Castor CMS, LHCb and GEN instances plus CEs. SCHEDULED AT_RISK 05/10/2009 10:00 05/10/2009 10:30 30 minutes At-risk to upgrade the Castor SRM's
lugh.gridpp.rl.ac.uk, SCHEDULED OUTAGE 05/10/2009 09:00 05/10/2009 12:00 3 hours LHCb 3D database (LUGH) migration to 64-bit system.
lcgce06, lcgce07, lcgce08 UNSCHEDULED OUTAGE 04/10/2009 15:47 05/10/2009 15:47 24 hours CAstor Databases down
lcgce01 UNSCHEDULED OUTAGE 04/10/2009 15:47 05/10/2009 15:47 24 hours Castor Databases down
All Castor and CEs UNSCHEDULED OUTAGE 04/10/2009 14:16 05/10/2009 14:00 23 hours and 44 minutes Castor down due to unknown problems with Oracle DBs. This is under investigation right now.
srm-atlas, CE06, CE08 UNSCHEDULED AT_RISK 01/10/2009 13:30 01/10/2009 14:00 30 minutes At-risk while the Castor SRM(atlas instance) is upgraded to the latest version
LFCs, FTS, Atlas 3D (ogma) SCHEDULED AT_RISK 01/10/2009 13:30 01/10/2009 16:30 3 hours At Risk during updating of back end systems (Oracle ASM patches and OS kernel updates).

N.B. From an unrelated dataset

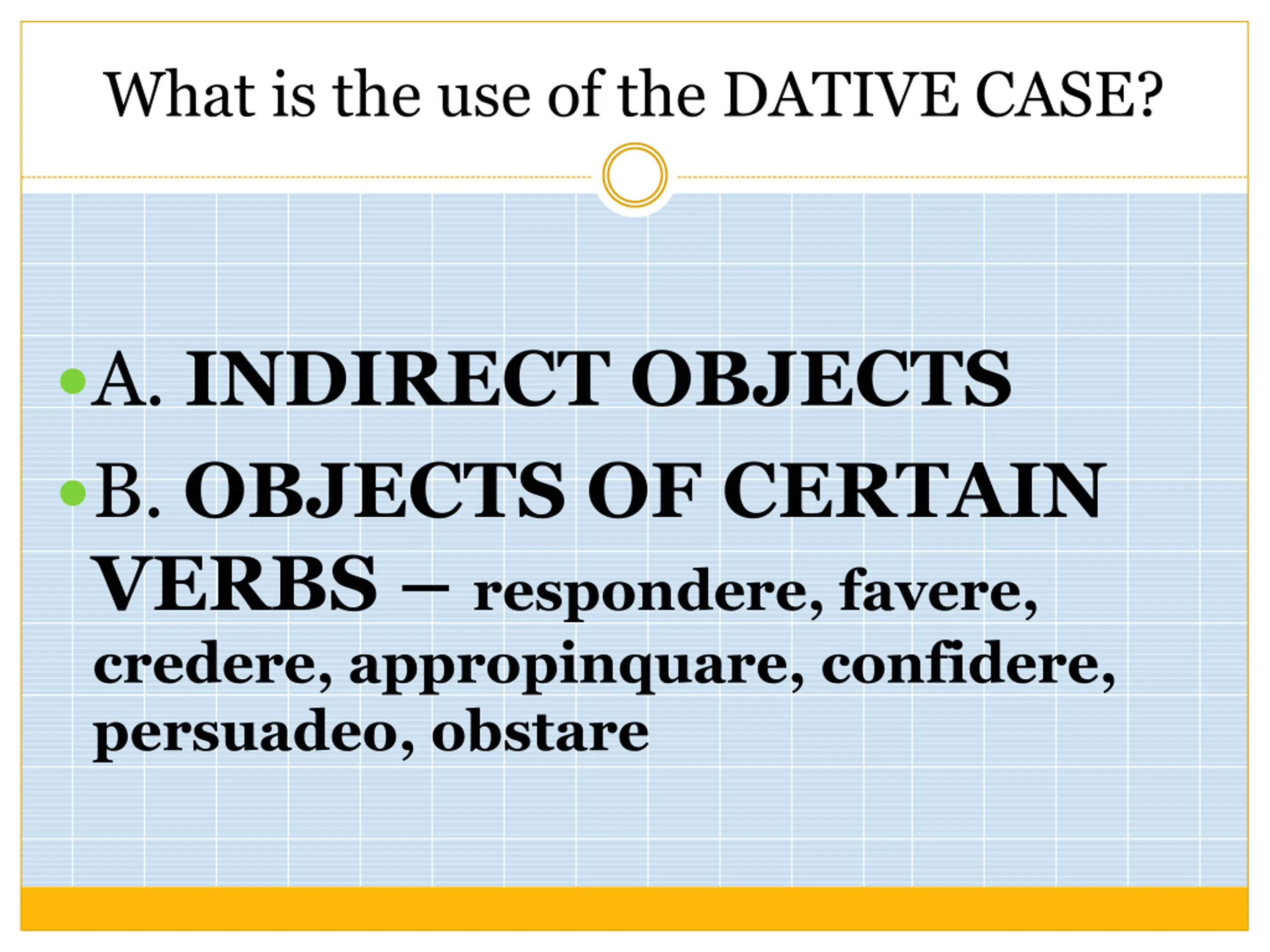 What is the use of the DATIVE CASE? A. INDIRECT OBJECTS B. OBJECTS OF CERTAIN VERBS respondere, favere, credere, appropinquare, confidere, persuadeo, obstare

Whole Site UNSCHEDULED AT_RISK 01/10/2009 09:00 01/10/2009 12:00 3 hours At Risk while (and after) network link to OPN doubled to increase bandwidth.
All CEs UNSCHEDULED AT_RISK 29/09/2009 16:01 30/09/2009 14:00 21 hours and 59 minutes CEs At Risk as we are failing OPS VO SAM tests, but believe the CEs are working OK for other VOs. These failures follow modifications to the Castor Information provider which publishes storage information and are under investigation.
All Castor, CEs and FTS. UNSCHEDULED AT_RISK 29/09/2009 14:48 29/09/2009 16:00 1 hour and 12 minutes We are seeing some problems on OPS VO SAM tests following the upgrade of the Castor Information Provider that publishes information on castor. Declared an At Risk while this is investigated.
All Castor SCHEDULED AT_RISK 29/09/2009 12:00 29/09/2009 14:00 2 hours Castor at risk while CIP system is upgraded.
lcgwms02 SCHEDULED OUTAGE 22/09/2009 16:00 30/09/2009 10:03 7 days, 18 hours and 3 minutes Outage for making the disks on the host hotswappable. This includes time for draining beforehand and subsequent re-installation.